── SOURCE DATA ──

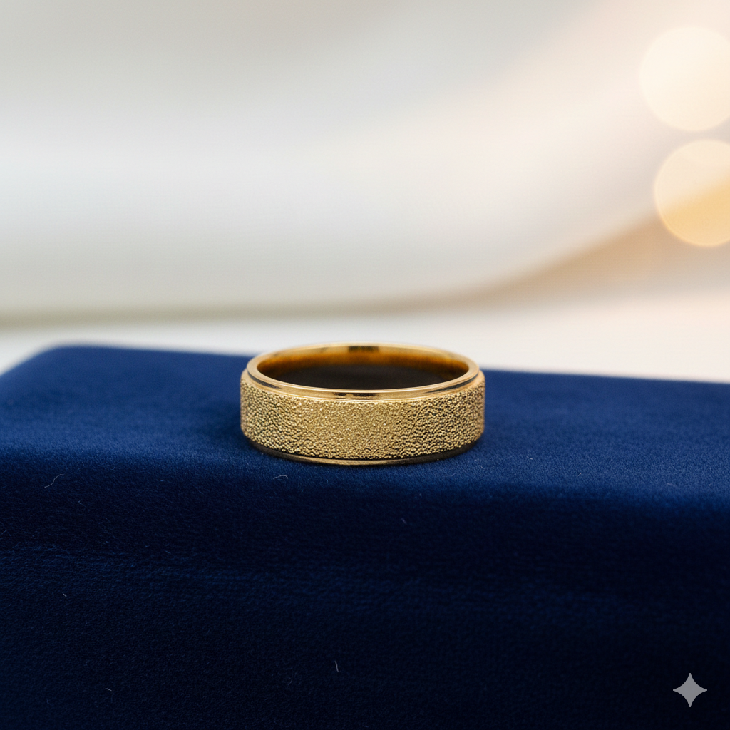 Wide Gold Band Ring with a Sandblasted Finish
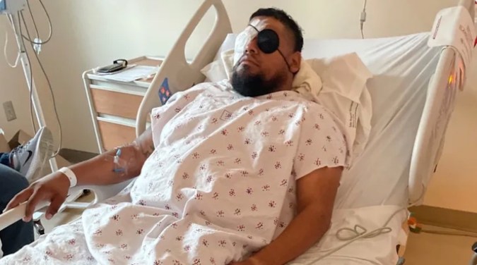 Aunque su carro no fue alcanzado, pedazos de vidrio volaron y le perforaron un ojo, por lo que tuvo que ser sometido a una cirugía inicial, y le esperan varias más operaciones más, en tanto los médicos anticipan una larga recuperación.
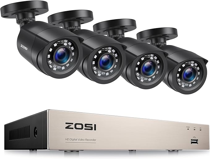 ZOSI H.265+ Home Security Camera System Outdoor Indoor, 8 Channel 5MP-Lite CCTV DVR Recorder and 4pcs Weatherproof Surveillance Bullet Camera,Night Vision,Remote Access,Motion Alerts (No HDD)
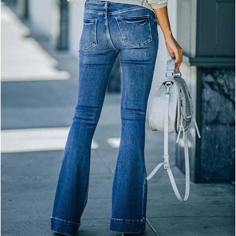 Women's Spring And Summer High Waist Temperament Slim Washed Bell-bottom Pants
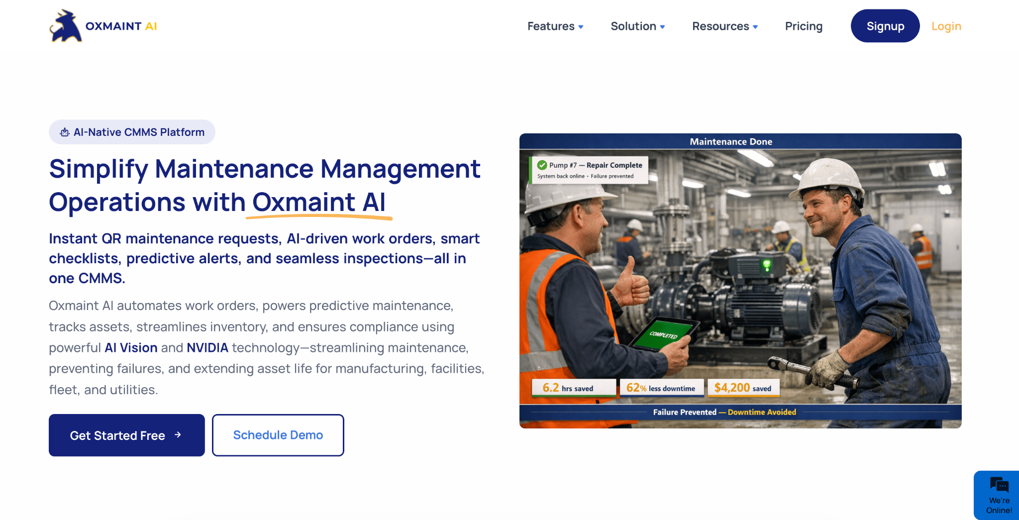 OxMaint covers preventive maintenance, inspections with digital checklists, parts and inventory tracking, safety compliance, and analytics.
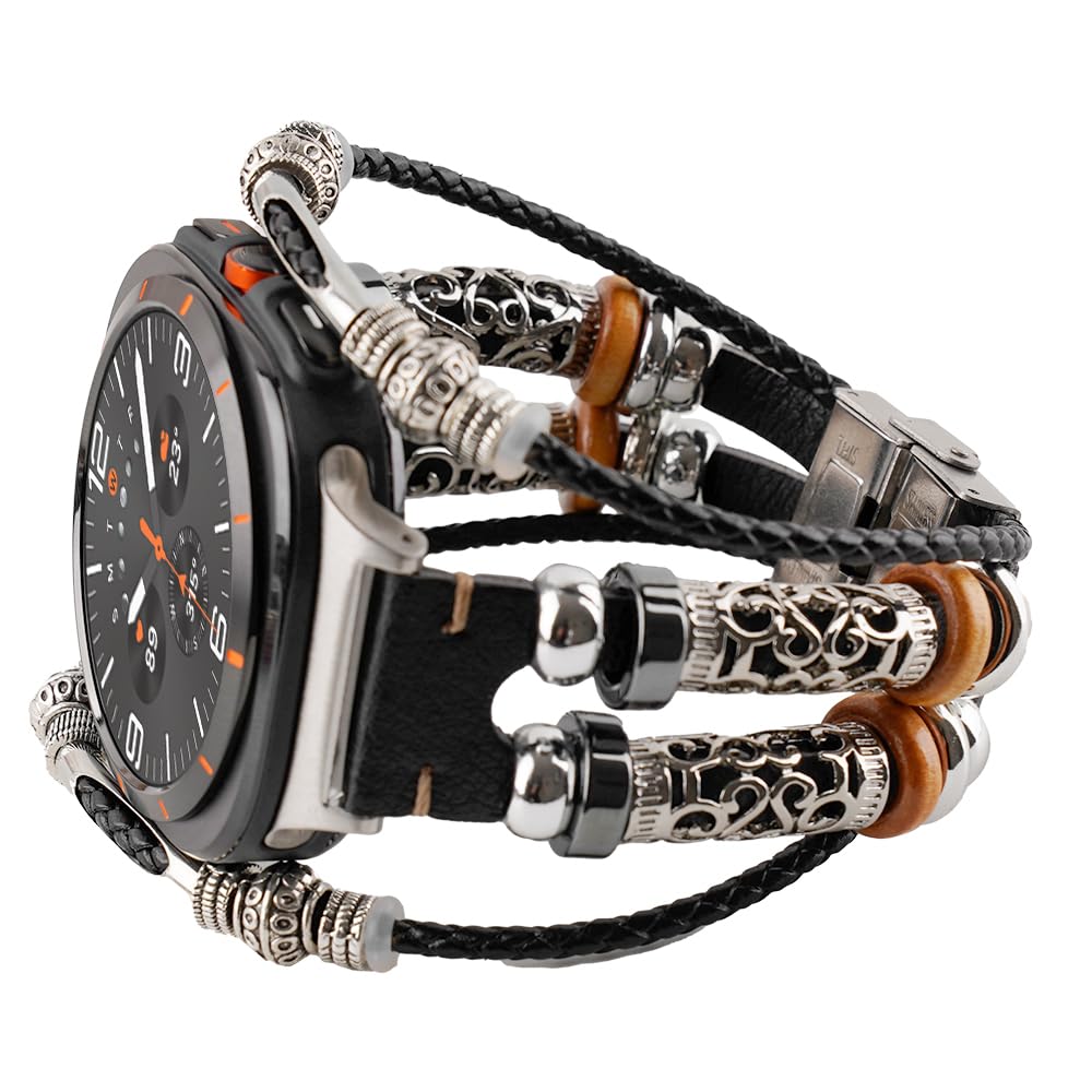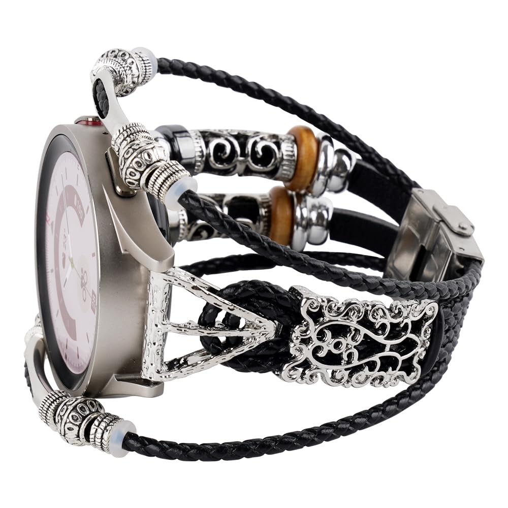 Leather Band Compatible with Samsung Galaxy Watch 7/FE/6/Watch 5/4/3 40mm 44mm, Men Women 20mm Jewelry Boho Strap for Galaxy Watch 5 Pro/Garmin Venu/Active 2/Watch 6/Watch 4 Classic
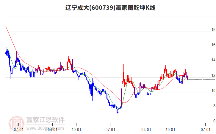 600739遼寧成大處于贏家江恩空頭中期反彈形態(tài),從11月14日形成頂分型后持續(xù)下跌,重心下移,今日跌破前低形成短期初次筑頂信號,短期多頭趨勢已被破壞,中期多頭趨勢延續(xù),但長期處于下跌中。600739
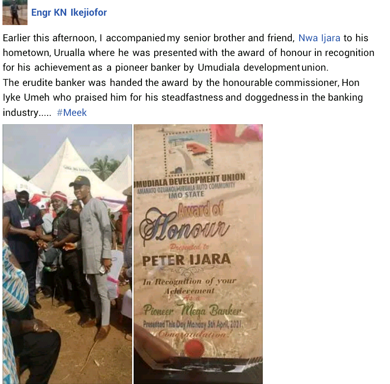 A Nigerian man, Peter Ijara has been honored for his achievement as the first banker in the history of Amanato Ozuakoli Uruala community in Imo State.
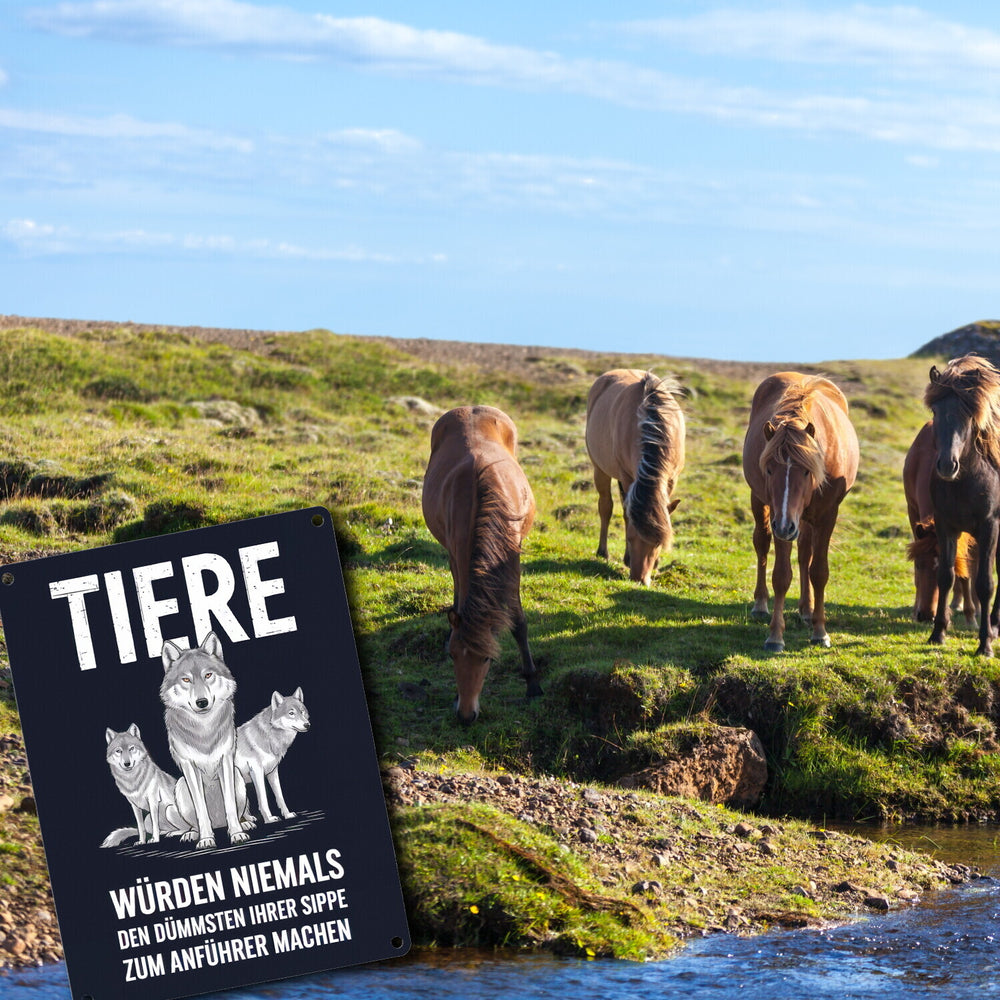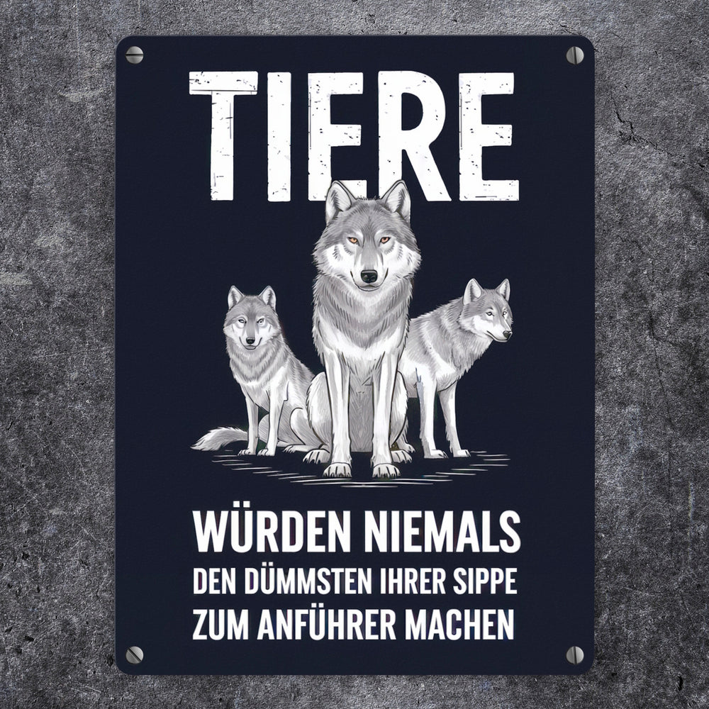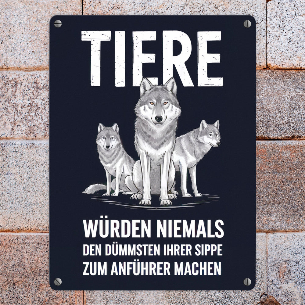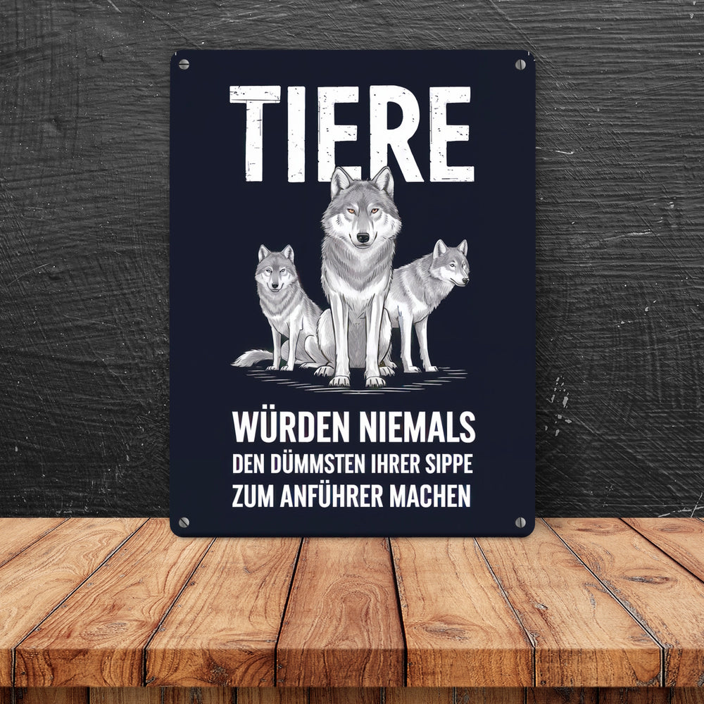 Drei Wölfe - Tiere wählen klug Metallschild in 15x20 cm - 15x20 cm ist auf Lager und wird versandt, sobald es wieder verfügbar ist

───

* _TASK TO COMPLETE_
No pictures should appear in the copy; write out exactly the lines from the one containing "600739遼寧成大處于贏家" through the end of the material.

* _TASK OUTPUT_
 600739遼寧成大處于贏家江恩空頭中期反彈形態(tài),從11月14日形成頂分型后持續(xù)下跌,重心下移,今日跌破前低形成短期初次筑頂信號,短期多頭趨勢已被破壞,中期多頭趨勢延續(xù),但長期處于下跌中。600739
 A Nigerian man, Peter Ijara has been honored for his achievement as the first banker in the history of Amanato Ozuakoli Uruala community in Imo State.
 Drei Wölfe - Tiere wählen klug Metallschild in 15x20 cm - 15x20 cm ist auf Lager und wird versandt, sobald es wieder verfügbar ist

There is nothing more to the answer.